Additional notes of this model

- The model is view independent
- The color of the surface appears to have a very matte, chalky appearance

### Blinn-Phong shading

Many surfaces show some degree of highlights (shininess) or *specular reflections* that appear to move as the viewpoint changes, the idea is to produce reflections when \(\mathbf{v}\) and \(\mathbf{l}\) are positioned symmetrically across the surface normal

- the half vector \(\mathbf{h}\) is a unit vector that goes through the bisector of the angle between \(\mathbf{v}\) and \(\mathbf{l}\)

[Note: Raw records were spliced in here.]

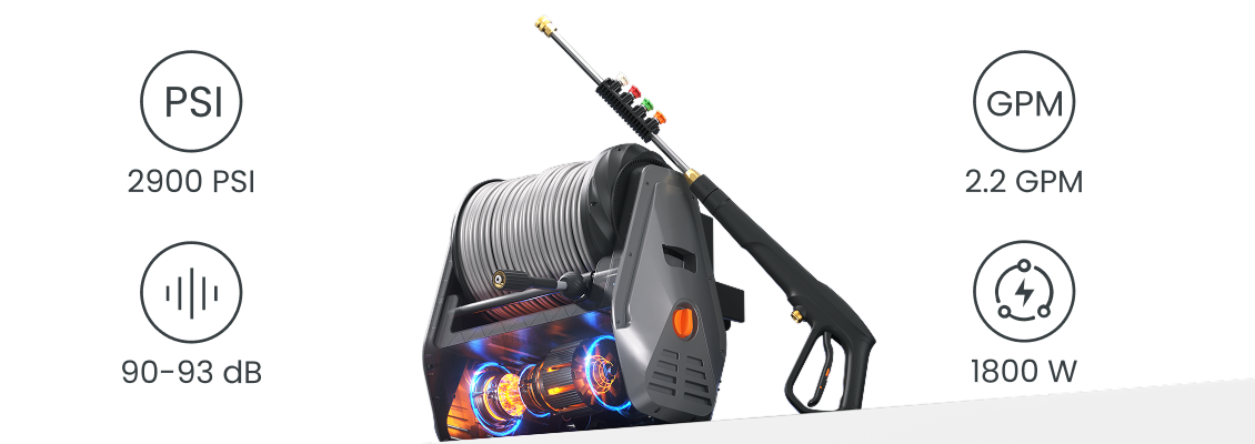 • 2900 PSI & 2.2 GPM for quiet, efficient cleaning
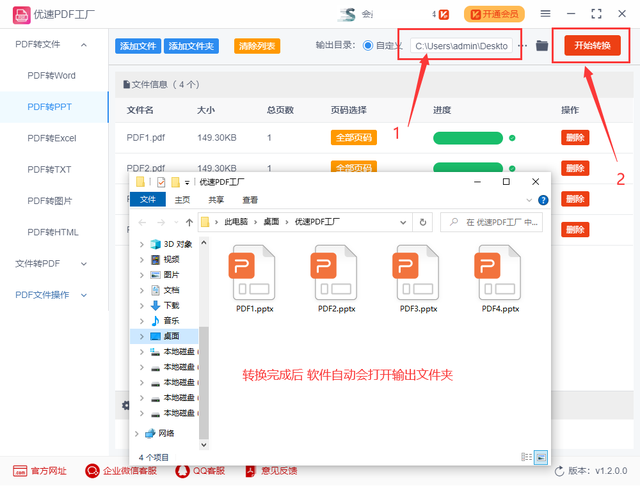 步骤3,先设置输出目录,用来保存转换成的ppt文件;然后点击右边的【开始转换】红色按钮启动转换,完成格式转换后软件会自动打开输出文件夹,转成的ppt文件就保存在这里哦。
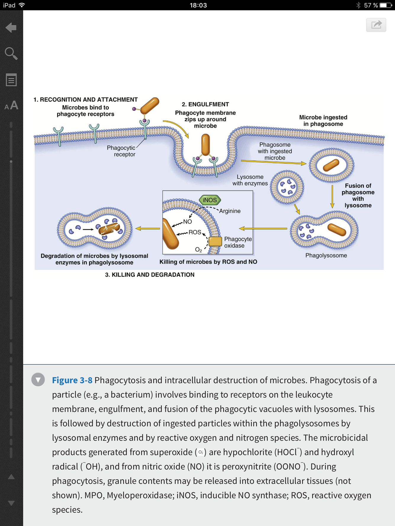 Nommer les 3 étapes de la phagocytose
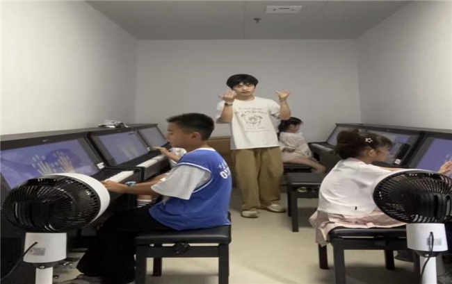 在服务中心的统筹下,刘永康承担了三大核心工作。针对乡村儿童认知特点,他联合技术团队优化AI教学系统,将《茉莉花》等安徽民歌改编为游戏化教学内容,通过实时音准纠错、节奏可视化等功能,让抽象乐理变得直观易懂。“传统钢琴教学门槛高,AI系统能实现‘一对一’精准辅导,就算没有专业老师也能保证教学质量。”这个暑假,该项目累计服务乡村儿童230余人次,通过AI系统生成的学情报告显示,83%的学员能独立演奏3首以上简易曲目,较传统教学效率提升近两倍。
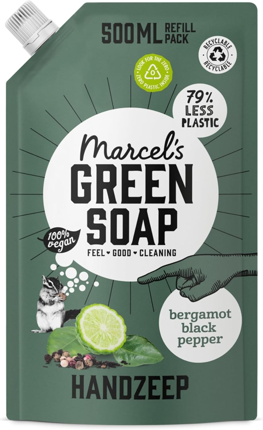 Marcel's Green Soap - Hand Soap Black Pepper & Bergamot Refill - Handwash Refill Pack - Eco friendly - 100% Vegan - 97% Biodegradable - 500 ML
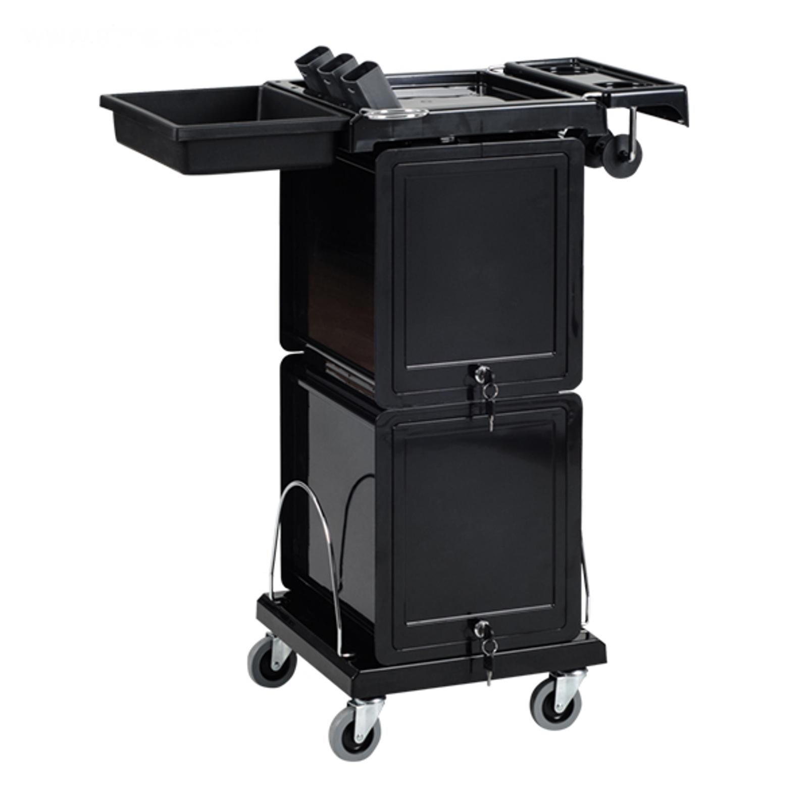 Парикмахерская тележка QA0013 выполнена из прочного металлического каркаса и пластика, устойчивого к воздействию красок. Столешница поделена на секции и имеет специальные стаканы для горячих ножниц и выпрямителей. Тележка оснащена внешним держателем для фена и креплением для фольги. Для хранения инструментов предусмотрены шесть выдвижных ящиков, которые можно зафиксировать на столешнице. Каждая секция оснащена замком. Хромированные бортики на нижней платформе надежно фиксируют бутыли.
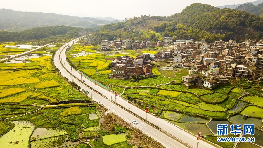 初春時節,位于貴州省黔東南苗族侗族自治州從江縣貫洞鎮附近的油菜花陸續盛開,宛若大地披金。古樸寧靜的村莊、四通八達的鄉村路、色彩斑斕的田野,構成春日里一幅幅美麗的鄉村畫卷。
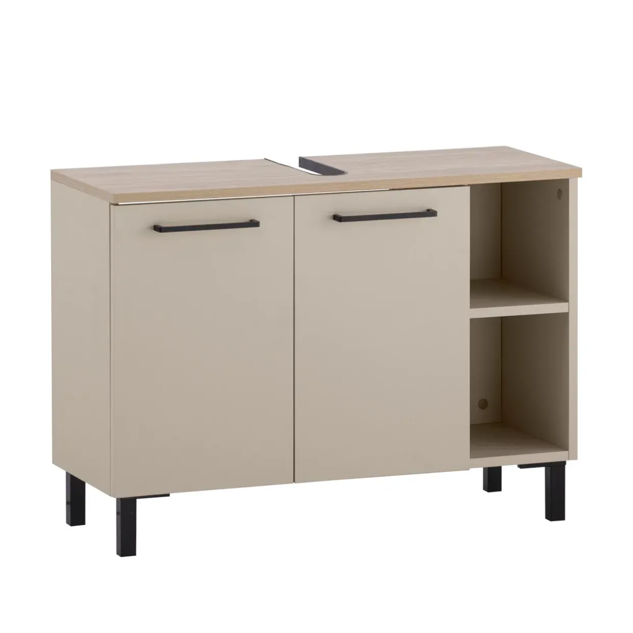 Erleben Sie die moderne Eleganz eines Waschbeckenunterschranks, der durch seine stilvolle Kombination aus Holzwerkstoff und Metall besticht. Die harmonische Farbgebung in Creme beige und schwarz matt ergänzt sich perfekt mit der natürlichen Ausstrahlung der Eichenabdeckplatte. Ein formschönes 4-Fußgestell verleiht dem Möbelstück Stabilität und eine klare Linienführung.
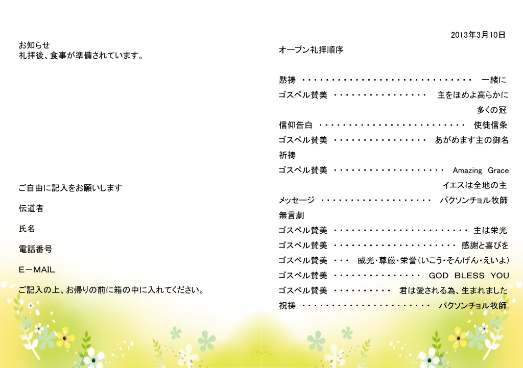 3월10일 열린예배 최종 시안입니다.. ページ情報 投稿者 朴城忍IDを検索IDを検索 日時 13-03-03 00:54 ヒット 9,775 コメント 0 本文 시작은 미약하나 점점 커가는 모습으로 노력하겠습니다..많은 참여 부탁드립니다. 添付ファイル 0310_3.psd (12.6M) 175回ダウンロード | DATE : 2013-03-03 00:54:24 リスト コメント一覧 0
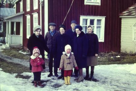 Samling vid Åbergs på Västerbacken. Från vänster Gunvor Svarvar, Arvid Åberg, Agda Östman, Robert Mälsor, Hildur Mälsor, Gerda Åberg samt barnen Catarina Svarvar och Helena Svarvar.
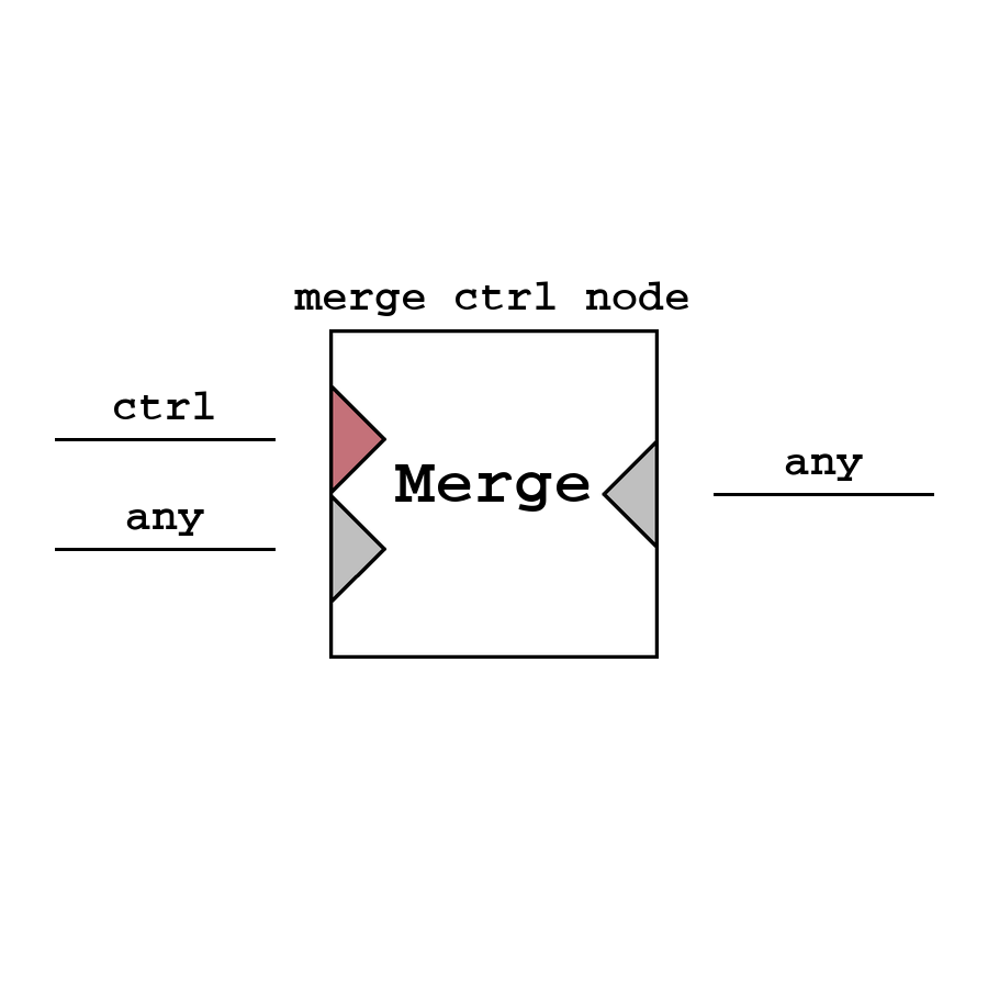 Merge Control - узел, объединяющий сигнал и значение с разных узлов. Узел возвращает значение с сигналом только в том случае, если подан сигнал на управляющий вход, иначе сигнала не будет. Информация с управляющего сигнала не забирается.

\[ \mathbf{h} = \frac{\mathbf{v + l}}{\norm{\mathbf{v + l}}} \]

Also

- if \(\mathbf{h}\) is near \(\mathbf{n}\) then the specular component should be bright, if it's far away it should be dim, therefore the illumination is proportional to the cosine of the angle between \(\mathbf{n}\) and \(\mathbf{h}\) i.e. \(\mathbf{n \cdot h} = \cos {\theta}\)
- the specular component decreases exponentially when \(\mathbf{h}\) is far away from \(\mathbf{n}\), therefore the result is taken to the \(p\) power, \(p > 1\) to make it decrease faster

The color of the pixel is then

\[ L = k_d \; I \; max(0, \mathbf{n \cdot l}) + k_s \; I \; max(0, \mathbf{n \cdot h})^p \]

Where

- \(k_s\) is the specular coefficient, a characteristic of the surface
- \(I\) is the intensity of the light source
- \(p\) is a variable that controls how fast the result decreases

Note that the color of the pixel is the overall contribution of both the lambertian shading model and the blinn-phong shading model

### Ambient shading

Surfaces that receive no illumination are rendered completely black, to avoid this a constant component is added to the shading model, the color depends entirely on the object hit with no dependence on the surface geometry

\[ L = k_a \; I_a + k_d \; I \; max(0, \mathbf{n \cdot l}) + k_s \; I \; max(0, \mathbf{n \cdot h})^p \]

Where

- \(k_a\) is the surface ambient coefficient
- \(I_a\) is the ambient light intensity

- Shirley, P. and Ashikhmin, M. (2005). Fundamentals of computer graphics. Wellesley, Mass.: AK Peters.